During the past week Adam dusted off the Delite DSL for interval arithmetic that he has worked on previously and extended it with a generic data structure supporting a data-parallel map operation. The Delite framework supports this through its DeliteCollection and DeliteOpMap interface traits. Generic data types in Delite DSLs require some additional effort to develop, e.g. type information needs to be carried throughout the implementation to get around the erasure that eliminates type information in JVM bytecode. This is most conveniently done using Scala's type manifests.
Thanks to the kind people of the delite-devel mailing list Adam was also able to understand how to implement the supporting operations that need to be added so that Delite can use the custom data type that Adam implemented (a generic array). Something that is still under investigation is how to generate CUDA code from the example DSL program (an Interval Newton-based root finder), as the side-effectful functions that work well with the Scala code generator seem to cause problems with the CUDA generator.

Monday, April 8, 2013

Eliminating book-keeping using locks

In an earlier experiment, Adam and Jan showed that eliminating the book-keeping data structure Changeset that encodes object graph transformations caused the parallel interpreter to become non-deterministic. Adam realized that the non-deterministic behavior was likely caused by data races during concurrent updates of the Acumen heap. A fix was implemented using locks to sequentialize updates to the object graph. Indeed, this removed the non-deterministic behavior and Adam then proceeded to remove the book-keeping from the Changeset data structure all together, reducing it to a simple flag, indicating whether the discrete update fix point computation has been reached. As a result, the implementation of the parallel interpreter was simplified and as a bonus an average 5-10% speedup was observed during benchmarking. An additional benefit is that the resulting interpreter is more suitable for implementation in imperative languages.
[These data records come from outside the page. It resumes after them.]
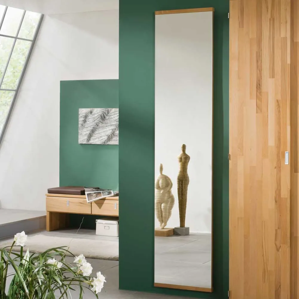 - Vielseitiger Garderoben Spiegel mit kernbuchefarbenem Rahmen
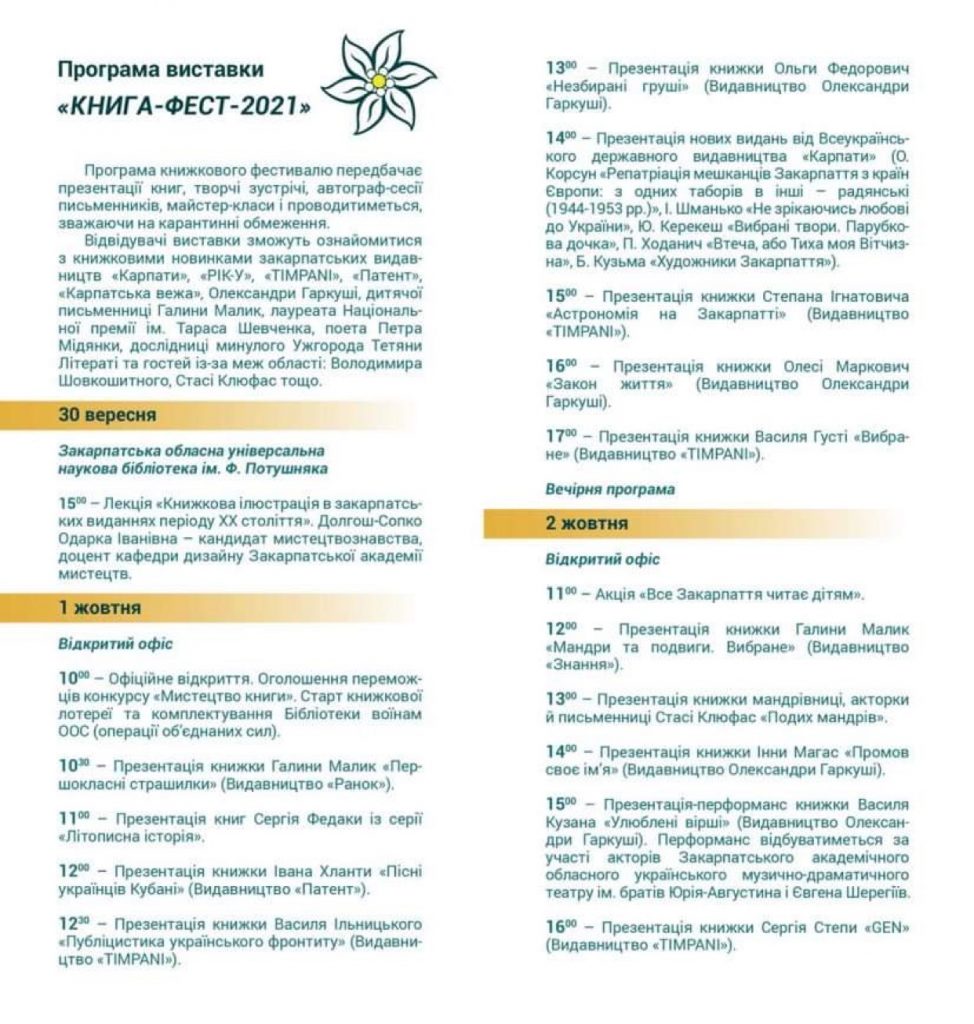 Вже вдруге виставка відбудеться у парку Малий Галагов біля облдержадміністрації, а у Відкритому офісі автори та видавці презентуватимуть свої книги закарпатцям і гостям області.
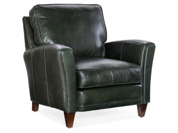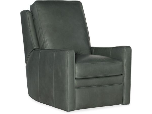 Leather lay-flat manual recliner with track arms, channeled headrest, and tapered wood legs for a clean accent-chair look. Optional tall back and power, USB port, and 30 in. W x 40 in. D x 42 in. H.
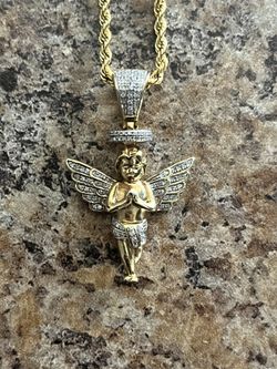 Gold Chain With Angel Pendant Charm 10k Real Diamonds $500Norfolk, VA
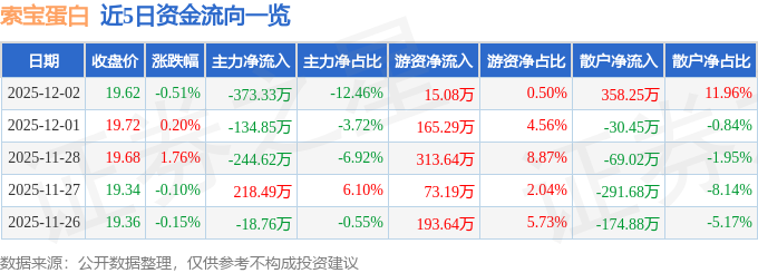证券之星消息,截至2025年12月2日收盘,索宝蛋白(603231)报收于19.62元,下跌0.51%,换手率1.44%,成交量1.53万手,成交额2995.18万元。
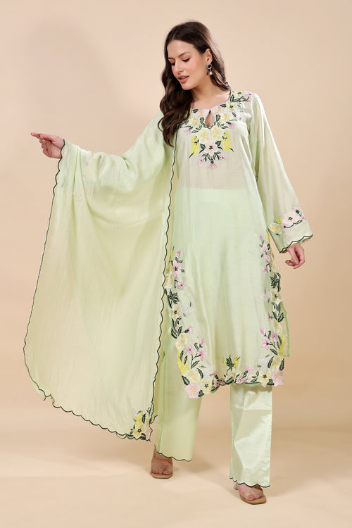 Mint Green Chanderi Embroidered Kurta Set (Sample)
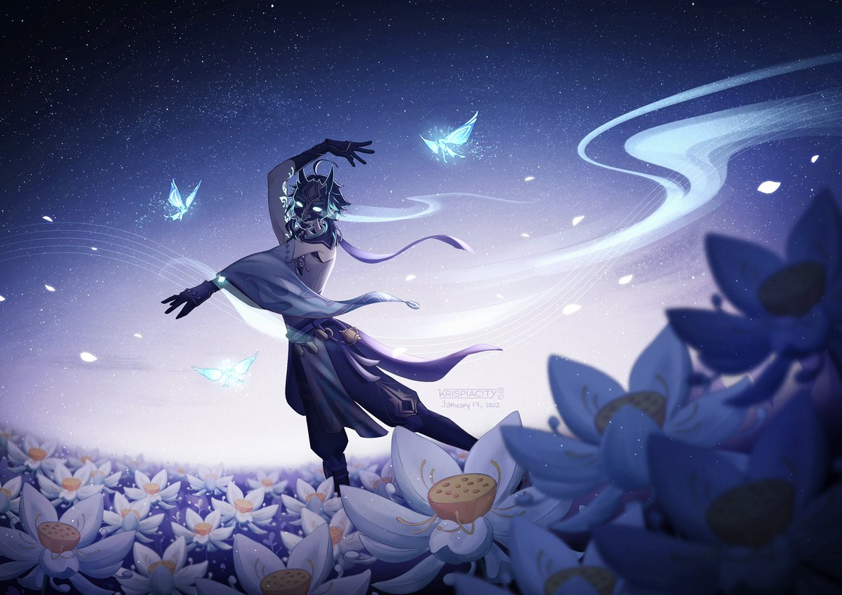 “He longs for a day to come when he will wear the mask and dance — not to conquer demons, but to the tune of that flute amid a sea of flowers.” #Xiao #GenshinImpact #fanart
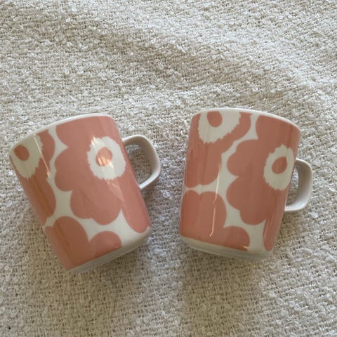 Uudet ja käyttämättömät Marimekon Oiva Unikko Japan Exclusive isot mukit, 4dl ja lautaset 20cm. Väri puuteri / tummansininen / valkoinen.
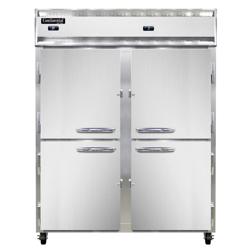 Extra-Wide Refrigerator/Freezer, reach-in, 57″W, two-section, self-contained refrigeration, stainless steel front, aluminum interior & ends, standard depth, (4) half-height solid self-closing doors, cylinder locks, electronic control with digital display, hi-low alarm & hi-low alarm, LED interior lighting, (6) epoxy-coated steel shelves, electric condensate evaporator, dual 1/4 & 1/3 HP, cETLus, NSF, Made in USA
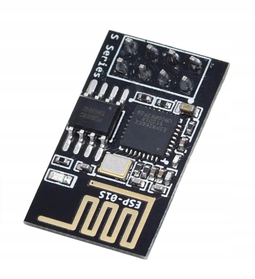 ESP-01S WiFi-модуль, построенный на чипе ESP8266 с флэш-памятью 8 МБ Память . Он работает в стандарте Wi-Fi 802.11 b/g/n на частоте 2,4 ГГц. Он оснащен 8 контактами, 3 из которых GPIO. Встроенная антенна на печатной плате.
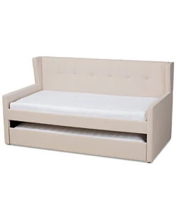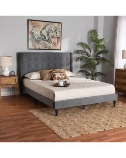Baxton Studio Gretchen Modern & Contemporary Upholstered & Wood Queen Platform Wingback Bed Home
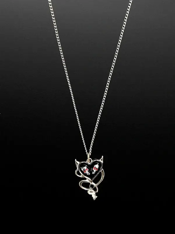 Heart Devil Skulls Black Necklace Kolye
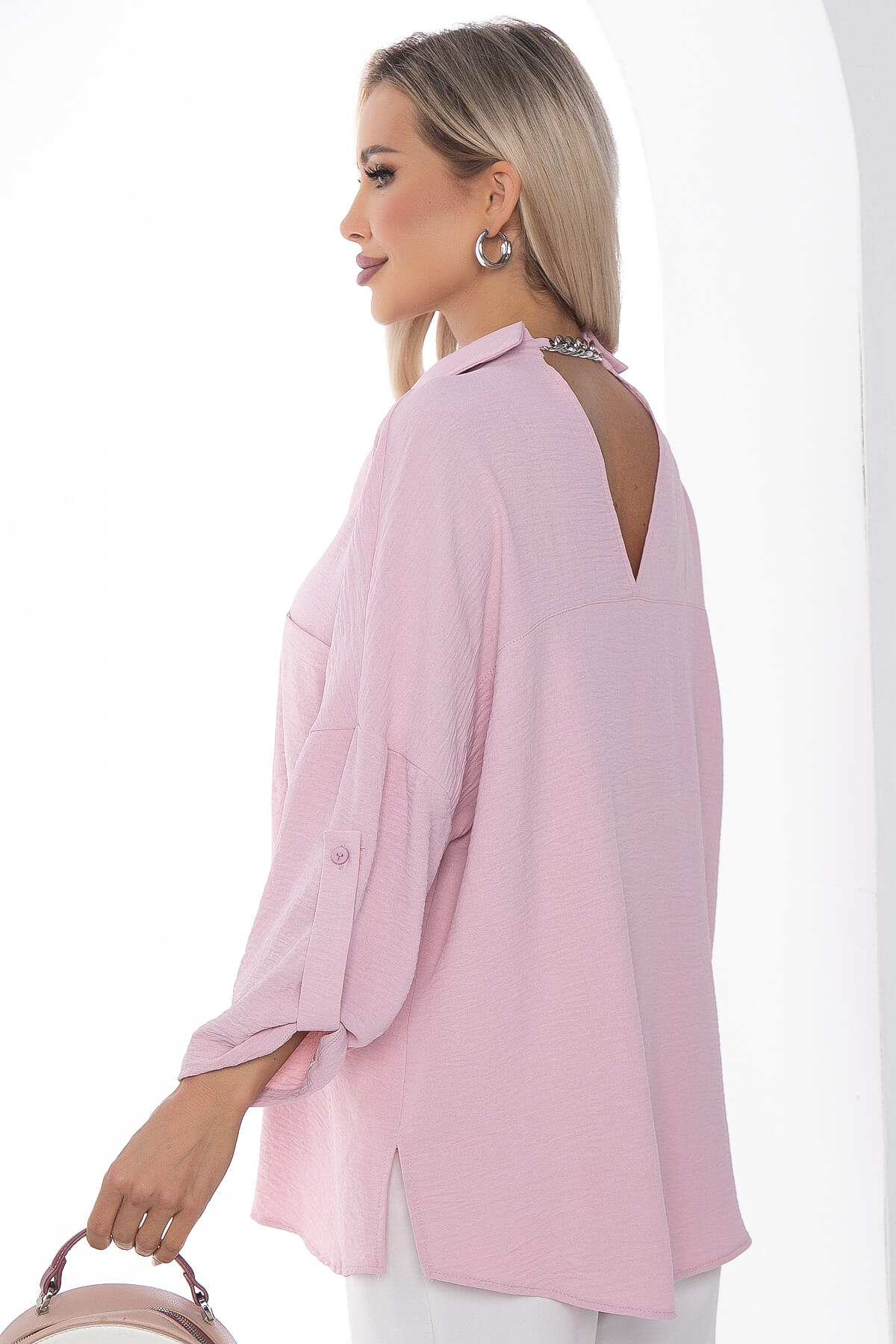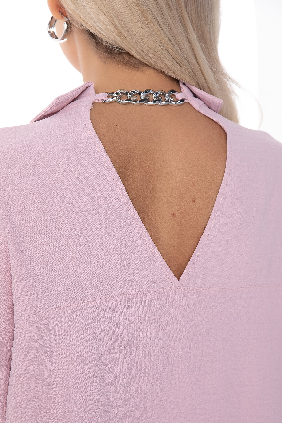 Лёгкая рубашка свободного кроя вс акцентной спинкой. Классический отложной воротник по переду, по спинке украшен цепочкой серебряного цвета. Рукав втачной, 7/8, на пате. По бокам есть разрезы. Такая рубашка подойдёт для создания стильного летнего образа и будет гармонично смотреться в сочетаниях с джинсами, шортами и брюками.

Going recursive with Taylor methods

Jan has been working on an implementation of the C^1-Lohner ODE-IVP solver described previously. As a first step he has been considering various ways to implement Taylor methods for ODEs, and following the advice of Barrio's 
Performance of the Taylor series method for ODEs/DAEs Jan decided to use a recursive scheme based on automatic differentiation. This is also the scheme suggested by Zgliczynski in the paper describing the Lohner algorithm itself. The correct choice of algorithm for this sub-procedure of the solver is crucial as the computation if performed in each time-step. Ideally as much as possible of the computation should be performed at initialization, when the field of the IVP is first identified and Jan will be keeping in mind choices that will keep this a possibility.